The beauty of Latex: my AllegroGraph book becomes two books, one for JVM languages and one for Lisp

I have been working on and off for 16 months on a book about Semantic Web (or Linked Data) application programming using the AllegroGraph product. I have decided to substantially increase the scope of this applications/tutorial style book to also include support for Sesame. The figure on the left shows the software architecture road map for the book using JVM languages.
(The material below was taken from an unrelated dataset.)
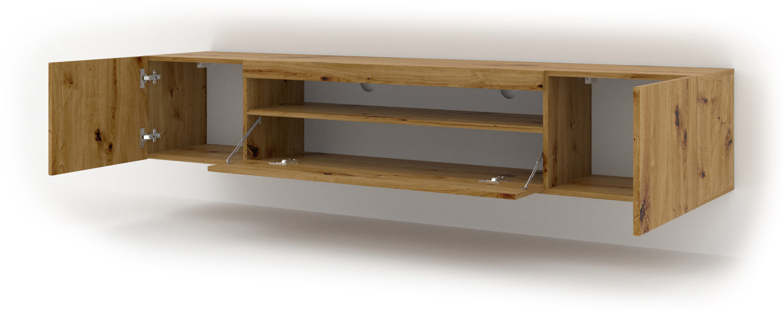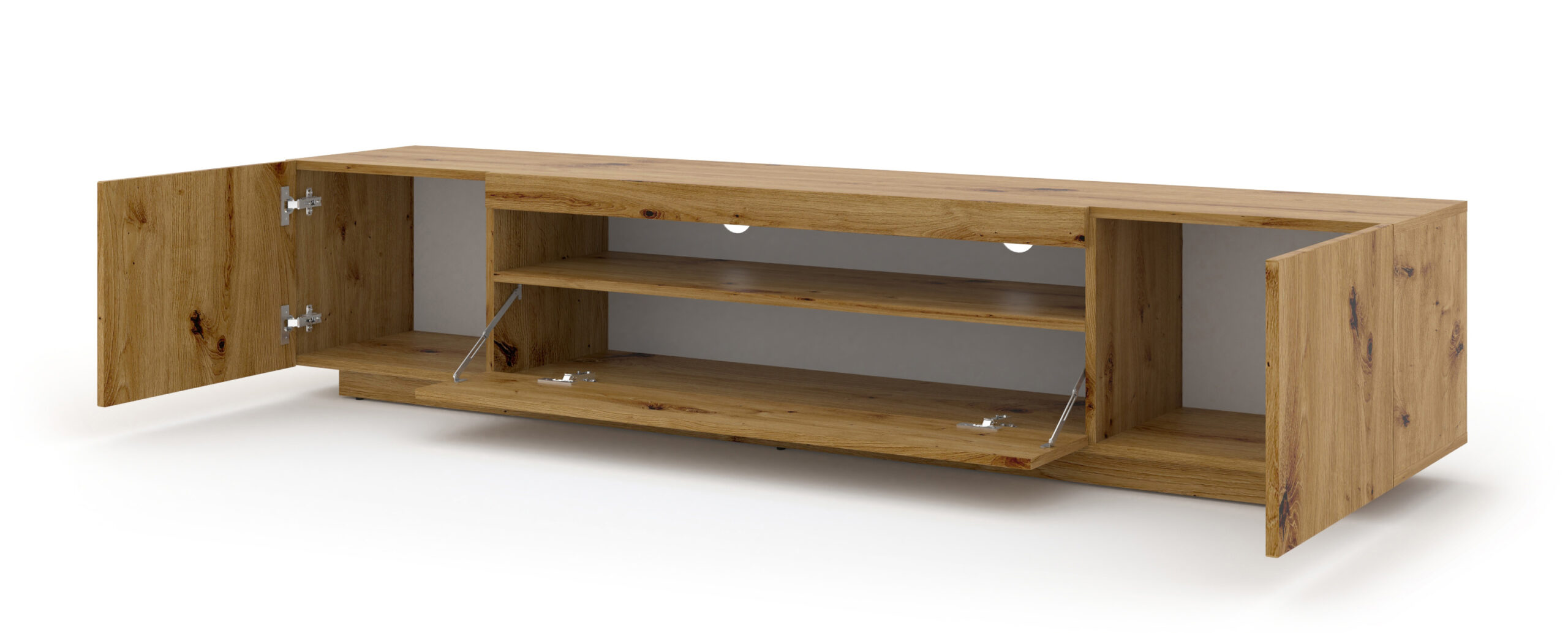 Projekt szafki Aura został zorientowany na maksymalną użyteczność. Centralny punkt mebla stanowi otwarta, metrowa wnęka, idealnie przystosowana do przechowywania soundbarów, konsol czy dekoderów. Tylna płyta posiada dedykowany otwór na kable, co pozwala na estetyczne ukrycie przewodów i zachowanie nienagannego porządku. Dopełnieniem funkcjonalności są trzy pojemne schowki: dwa otwierane bocznie oraz jeden z frontem uchylnym (otwierany do dołu). Taki układ pozwala na wygodne posegregowanie akcesoriów, gier i dokumentów, które mają pozostać niewidoczne dla gości.

I am splitting the book into two volumes, and using Latex makes this really easy to share small amounts of common material so both books stand on their own. Latex also makes it easy to combine both books into one all-inclusive book, eliminating the duplicated parts. The two volumes are:Both AllegroGraph and Sesame are great development tools, but fill different needs. On projects that can support a several thousand dollar a year per server license fee, I would choose Common Lisp + AllegroGraph for development. AllegroGraph is very scalable and the Lisp APIs are really nice to work with. For Java (or other JVM languages) applications, I would still choose AllegroGraph for the scalability and support if a project can support the license costs. The good thing is that for most small to medium size projects, the free version of AllegroGraph or the open source Sesame project both are good choices, so as a developer you have some real flexibility. There are also other good RDF data store platforms like Jena, Joseki, Kowari, Redland, 4store, Swi-Prolog Semantic Web library, Talis, Virtuoso, etc. but I have relatively little (or in some cases no) experience with these. I use AllegroGraph and Sesame so that is what I write about.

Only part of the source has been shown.